Marek Olšák <maraeo at gmail.com> 于2020年10月1日周四 上午2:57写道:

>
> Hi,
>
> Does the issue happen with mesa/master?
>
> Marek
>
>
> On Mon, Sep 28, 2020 at 3:11 AM Zhu Yijun <lovemrd at gmail.com> wrote:
>>
>> hi all,
>>
>> I use qemu/kvm to boot some android guests with virgl and run apks,
>> the host kernel invokes oom after several hours.
>>
>> 1. From /proc/meminfo, I see the 'SUnreclaim' is the largest part.
>>
>> MemTotal: 16553672 kB
>> MemFree: 128688 kB
>> MemAvailable: 34648 kB
>> Slab: 10169908 kB
>> SReclaimable: 64632 kB
>> SUnreclaim: 10105276 kB
>>
>> 2. From slabinfo, 'kmalloc-8192' nearly uses 5G memory which is the
>> largest part of slab.
>>
>> kmalloc-8192 566782 566782 8192 4 8 : tunables 0 0 0 : slabdata 141697 141697 0
>>
>> 3. Then I append 'slub_debug=U,kmalloc-8192' to host kernel command
>> line to reproduce this issue, find the call number of amdgpu_ctx_free
>> is much less than amdgpu_ctx_alloc after running a few minutes test
>> with only one android guest. It is the reason that 'kmalloc-8192' slab
>> memory increases continuously.
>>
>> #cat /sys/kernel/slab/kmalloc-8192/alloc_calls
>>       2 __vring_new_virtqueue+0x64/0x188 [virtio_ring]
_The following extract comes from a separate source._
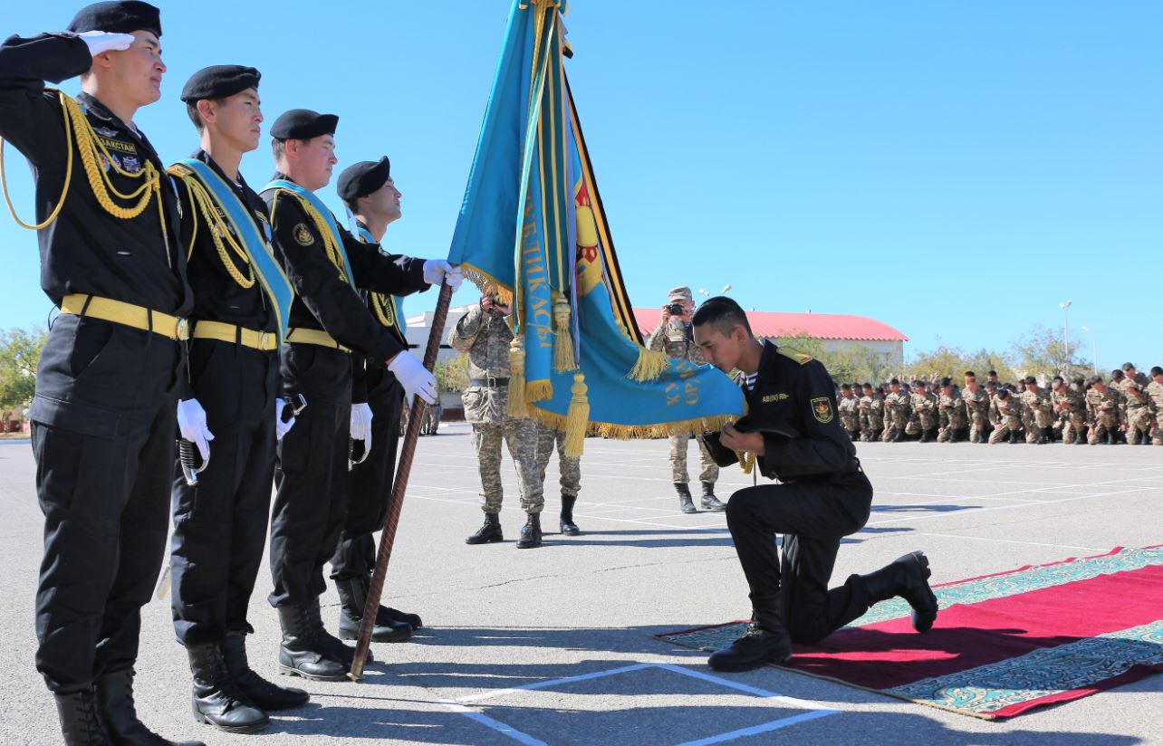Сарбаздардың әскери бөліммен қоштасу іс-шарасы салтанатты түрде Ақтау, Ақтөбе және Атырау әскери бөлімдерінің жауынгерлік туымен қоштасу ғұрыпымен аяқталды. Бір жыл бойы сарбаздар жауынгерлік мамандықты меңгеріп, жауынгерлік даярлықта айтарлықтай жетістіктерге жетті. Олар өздерінің машықтылығын көптеген оқу-жаттығулары мен «Батыс-2018» стратегиялық командалық-штабтық оқу-жаттығуы кезінде көрсете алды.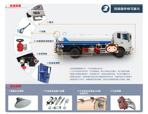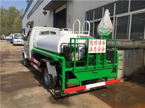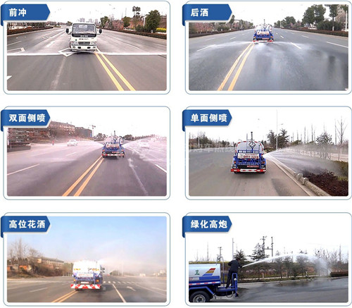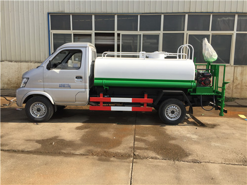 上裝配置:采用CH1035AQ24底盤改裝,水箱容積2立方,前沖后灑,側噴,罐體后帶工作平臺,平臺上安裝綠化灑水炮,灑水炮可全方位旋轉,可連續調成直沖狀、大雨、小雨、毛毛雨,帶安全護欄,罐體材質采用Q235碳鋼優質鋼板制作,罐體后部安裝汽油抽水泵,由抽水泵提供動力,泵可自吸自排,安裝過濾網。

>> age=2779779/2779779/2779779 pid=1069 cpus=19 nodes=0
>>       1 rd_alloc_device+0x34/0x48 [target_core_mod] age=2776755
>> pid=1969 cpus=20 nodes=0
>>       2 mb_cache_create+0x7c/0x128 [mbcache]
>> age=2777018/2777221/2777425 pid=1186-1810 cpus=3,36 nodes=0
>>       2 ext4_fill_super+0x128/0x25b0 [ext4]
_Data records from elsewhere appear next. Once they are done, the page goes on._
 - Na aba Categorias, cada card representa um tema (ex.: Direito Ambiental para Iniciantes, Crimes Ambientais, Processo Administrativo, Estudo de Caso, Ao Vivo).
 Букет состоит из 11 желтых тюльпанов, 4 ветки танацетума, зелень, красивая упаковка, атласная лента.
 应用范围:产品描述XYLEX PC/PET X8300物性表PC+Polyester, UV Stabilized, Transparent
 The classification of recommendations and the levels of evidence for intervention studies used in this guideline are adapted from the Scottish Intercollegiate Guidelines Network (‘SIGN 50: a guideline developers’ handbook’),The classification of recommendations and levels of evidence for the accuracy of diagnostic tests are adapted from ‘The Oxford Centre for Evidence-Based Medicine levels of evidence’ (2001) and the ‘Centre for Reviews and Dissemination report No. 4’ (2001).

>> age=2777019/2777222/2777426 pid=1186-1810 cpus=3,36 nodes=0
>>       2 svc_rqst_alloc+0x3c/0x170 [sunrpc] age=2775427/2775462/2775497
>> pid=2346-2636 cpus=36-37 nodes=0
>>       2 cache_create_net+0x4c/0xc0 [sunrpc]
>> age=2737590/2757403/2777217 pid=1280-4987 cpus=20,44 nodes=0
>>       2 rpc_alloc_iostats+0x2c/0x60 [sunrpc]
>> age=2775494/2775495/2775497 pid=2346 cpus=36 nodes=0
>>    1570 amdgpu_ctx_init+0xb4/0x2a0 [amdgpu] age=30110/314435/1914218
>> pid=63167 cpus=1-7,9-10,16-20,23,27,29-35,40-47,52,60,63,95,118,120,122-123
>> nodes=0
>>    1570 amdgpu_ctx_ioctl+0x198/0x2f8 [amdgpu] age=30110/314435/1914218
>> pid=63167 cpus=1-7,9-10,16-20,23,27,29-35,40-47,52,60,63,95,118,120,122-123
>> nodes=0
>>       2 gfx_v8_0_init_microcode+0x290/0x740 [amdgpu]
>> age=2776838/2776924/2777011 pid=660 cpus=64 nodes=0
>>       2 construct+0xe0/0x4b8 [amdgpu] age=2776819/2776901/2776983
>> pid=660 cpus=64 nodes=0
>>       2 mod_freesync_create+0x68/0x1d0 [amdgpu]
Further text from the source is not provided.